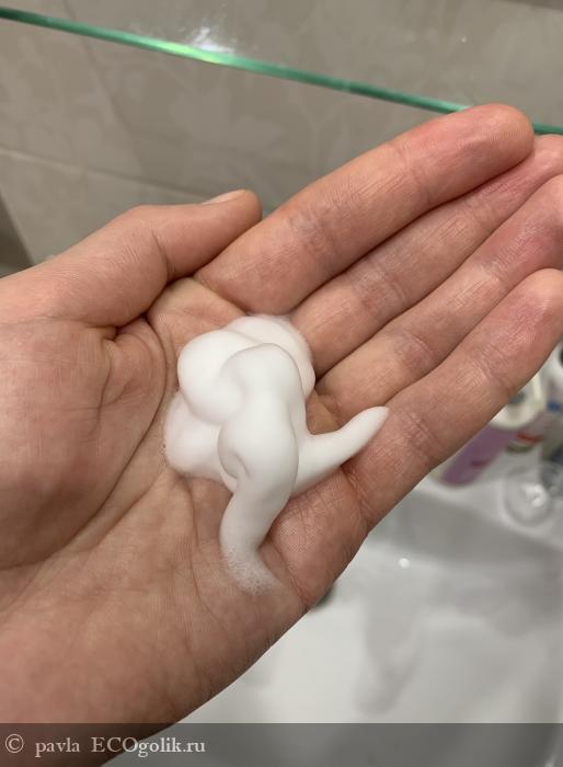 Лицу чертовски приятно соприкасаться с белоснежной невесомой пенкой, словно окунаешься в ласковые воздушные облака. Продукт ликвидирует тонирующие средства, нежно очищает лицо, не оставляя дискомфортного чувства «стянутой кожи». Значительный плюс - при попадании в глаза пенка не раздражает слизистую и не вызывает пощипывание. Лицо после процедуры матовое с идеальным ровным тоном.
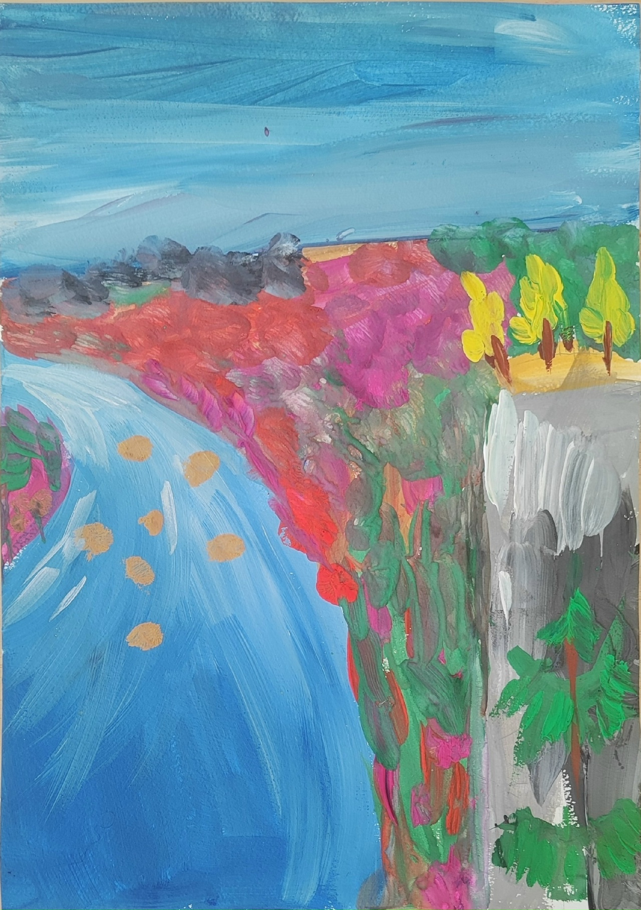 Рисунок выполнен гуашью, формат рисунка А3. На рисунке изображена природа севера Урала. Союз двух стихий тесно переплетаются на этом рисунке. Прекрасная река Вишера и камень Ветлан прекрасны в любое время года.Данные участника
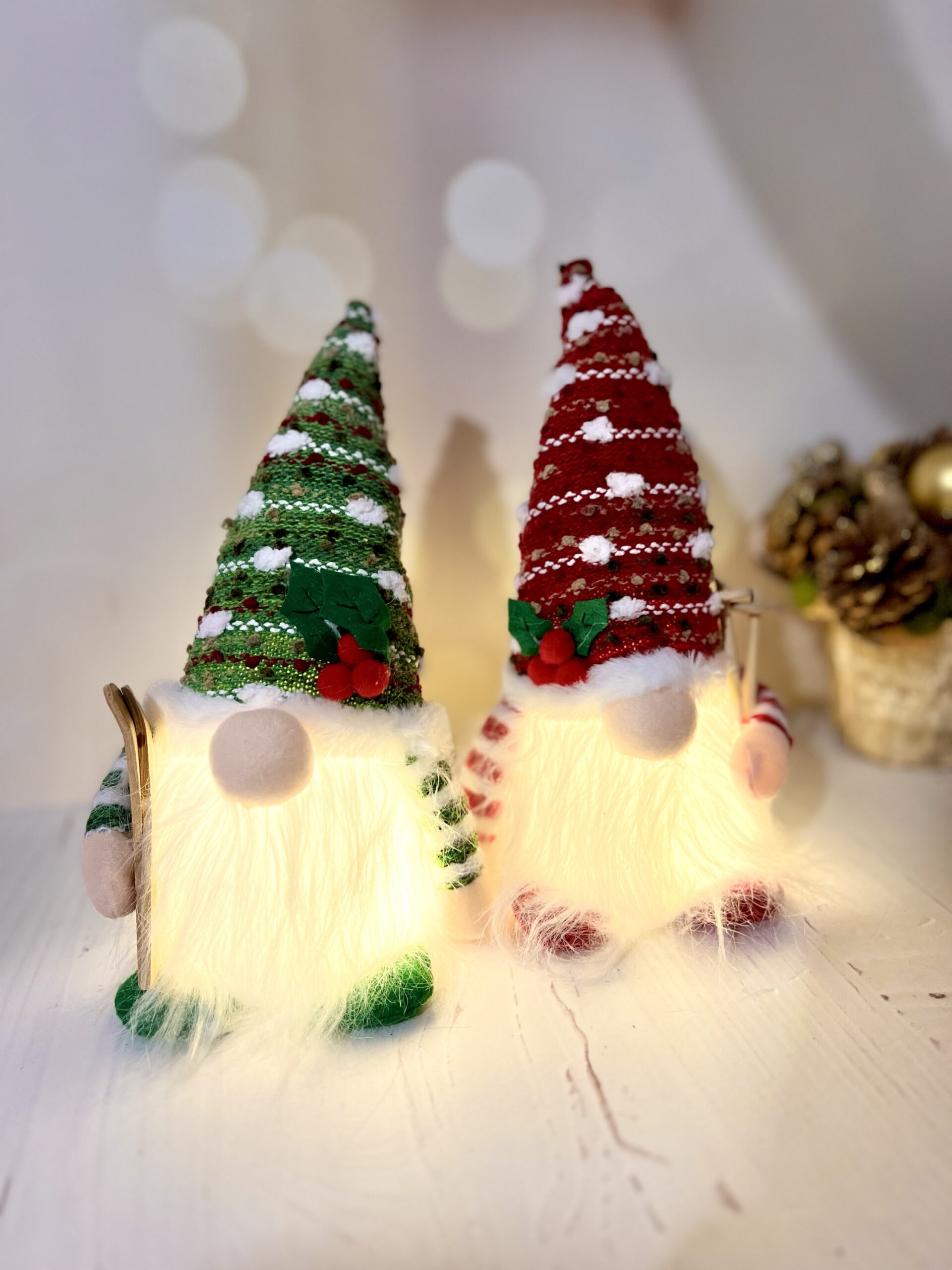 Висота гнома 25 см. Працює від батарейок типу ААА (3шт), в комплект не входить
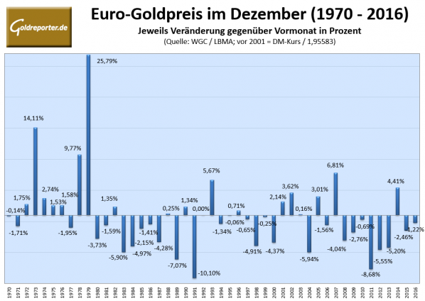 Statistisch gesehen ist der Dezember kein guter Monat für Goldanleger. Im Zeitraum seit 1970 verbuchte der Euro-Goldpreis ein Minus von durchschnittlich 0,17 Prozent. In 28 von 46 Fällen (61 %) endete der Dezember mit Abschlägen gegenüber Vormonat.
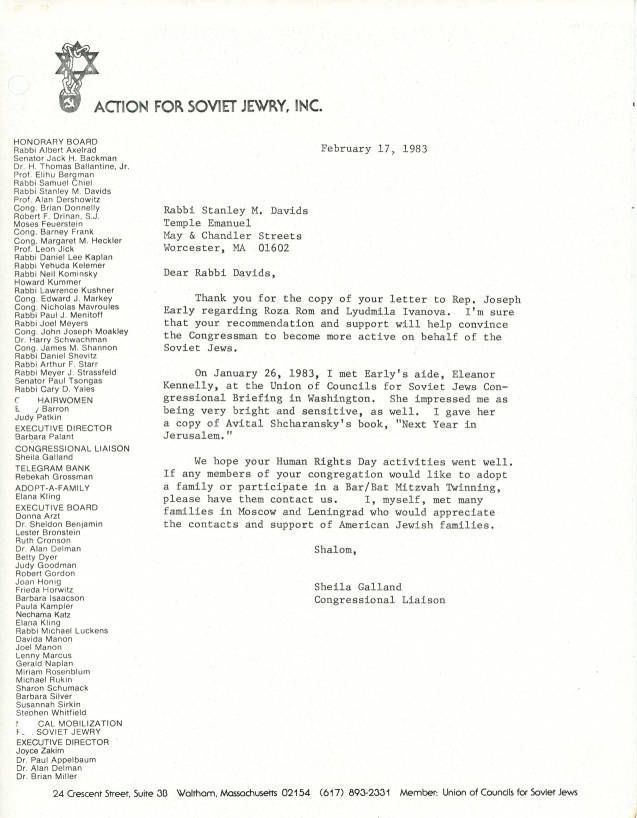 Jews -- Massachusetts -- Boston, Refuseniks, Emigration & immigration, Jews, Soviet, Human rights, Political action, Congressmen, Rabbis

• WORK TO BE COMPLETED
A verbatim copy of the listing is required, with all pictures left out.

• ANSWER AREA
 Лицу чертовски приятно соприкасаться с белоснежной невесомой пенкой, словно окунаешься в ласковые воздушные облака. Продукт ликвидирует тонирующие средства, нежно очищает лицо, не оставляя дискомфортного чувства «стянутой кожи». Значительный плюс - при попадании в глаза пенка не раздражает слизистую и не вызывает пощипывание. Лицо после процедуры матовое с идеальным ровным тоном.
 Рисунок выполнен гуашью, формат рисунка А3. На рисунке изображена природа севера Урала. Союз двух стихий тесно переплетаются на этом рисунке. Прекрасная река Вишера и камень Ветлан прекрасны в любое время года.Данные участника
 Висота гнома 25 см. Працює від батарейок типу ААА (3шт), в комплект не входить
 Statistisch gesehen ist der Dezember kein guter Monat für Goldanleger. Im Zeitraum seit 1970 verbuchte der Euro-Goldpreis ein Minus von durchschnittlich 0,17 Prozent. In 28 von 46 Fällen (61 %) endete der Dezember mit Abschlägen gegenüber Vormonat.
 Jews -- Massachusetts -- Boston, Refuseniks, Emigration & immigration, Jews, Soviet, Human rights, Political action, Congressmen, Rabbis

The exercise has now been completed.